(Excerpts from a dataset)
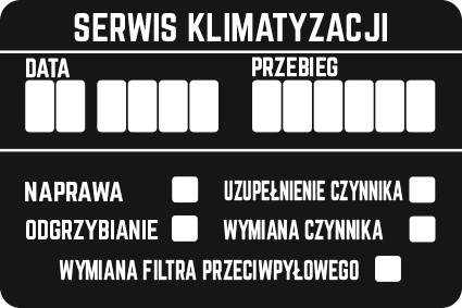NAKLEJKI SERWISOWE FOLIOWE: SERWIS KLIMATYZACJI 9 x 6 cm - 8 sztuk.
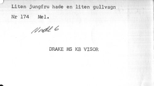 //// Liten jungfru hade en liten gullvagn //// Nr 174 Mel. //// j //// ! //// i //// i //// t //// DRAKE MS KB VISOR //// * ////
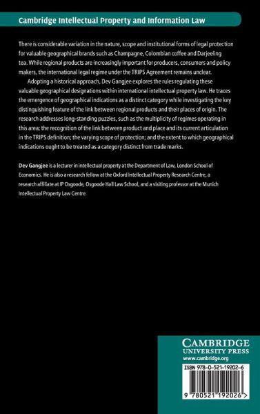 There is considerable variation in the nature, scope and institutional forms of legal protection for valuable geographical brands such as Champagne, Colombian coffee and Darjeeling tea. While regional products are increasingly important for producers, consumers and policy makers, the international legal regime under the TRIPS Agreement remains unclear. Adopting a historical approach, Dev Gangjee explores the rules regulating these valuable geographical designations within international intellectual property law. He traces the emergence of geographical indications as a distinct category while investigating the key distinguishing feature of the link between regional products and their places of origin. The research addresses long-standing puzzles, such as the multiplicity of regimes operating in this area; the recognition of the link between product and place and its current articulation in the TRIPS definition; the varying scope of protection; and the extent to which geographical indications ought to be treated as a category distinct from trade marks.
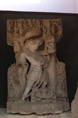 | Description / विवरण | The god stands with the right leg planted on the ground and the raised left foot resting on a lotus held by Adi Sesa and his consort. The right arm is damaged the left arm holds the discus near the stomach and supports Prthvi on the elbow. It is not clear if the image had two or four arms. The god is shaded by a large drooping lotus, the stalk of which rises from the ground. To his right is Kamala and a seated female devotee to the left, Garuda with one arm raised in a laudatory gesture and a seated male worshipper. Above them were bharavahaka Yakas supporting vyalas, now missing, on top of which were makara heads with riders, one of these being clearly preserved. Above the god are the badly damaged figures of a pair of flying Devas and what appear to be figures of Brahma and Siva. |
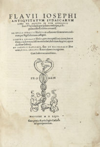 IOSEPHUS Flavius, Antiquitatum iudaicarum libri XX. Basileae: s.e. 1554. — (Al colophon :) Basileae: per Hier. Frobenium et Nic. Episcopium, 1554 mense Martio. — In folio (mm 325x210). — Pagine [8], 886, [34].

> _REQUIRED ACTION_
Leave out the pictures, then give all the records again exactly.

> _WRITTEN REPLY_
NAKLEJKI SERWISOWE FOLIOWE: SERWIS KLIMATYZACJI 9 x 6 cm - 8 sztuk.
 //// Liten jungfru hade en liten gullvagn //// Nr 174 Mel. //// j //// ! //// i //// i //// t //// DRAKE MS KB VISOR //// * ////
 There is considerable variation in the nature, scope and institutional forms of legal protection for valuable geographical brands such as Champagne, Colombian coffee and Darjeeling tea. While regional products are increasingly important for producers, consumers and policy makers, the international legal regime under the TRIPS Agreement remains unclear. Adopting a historical approach, Dev Gangjee explores the rules regulating these valuable geographical designations within international intellectual property law. He traces the emergence of geographical indications as a distinct category while investigating the key distinguishing feature of the link between regional products and their places of origin. The research addresses long-standing puzzles, such as the multiplicity of regimes operating in this area; the recognition of the link between product and place and its current articulation in the TRIPS definition; the varying scope of protection; and the extent to which geographical indications ought to be treated as a category distinct from trade marks.
 | Description / विवरण | The god stands with the right leg planted on the ground and the raised left foot resting on a lotus held by Adi Sesa and his consort. The right arm is damaged the left arm holds the discus near the stomach and supports Prthvi on the elbow. It is not clear if the image had two or four arms. The god is shaded by a large drooping lotus, the stalk of which rises from the ground. To his right is Kamala and a seated female devotee to the left, Garuda with one arm raised in a laudatory gesture and a seated male worshipper. Above them were bharavahaka Yakas supporting vyalas, now missing, on top of which were makara heads with riders, one of these being clearly preserved. Above the god are the badly damaged figures of a pair of flying Devas and what appear to be figures of Brahma and Siva. |
 IOSEPHUS Flavius, Antiquitatum iudaicarum libri XX. Basileae: s.e. 1554. — (Al colophon :) Basileae: per Hier. Frobenium et Nic. Episcopium, 1554 mense Martio. — In folio (mm 325x210). — Pagine [8], 886, [34].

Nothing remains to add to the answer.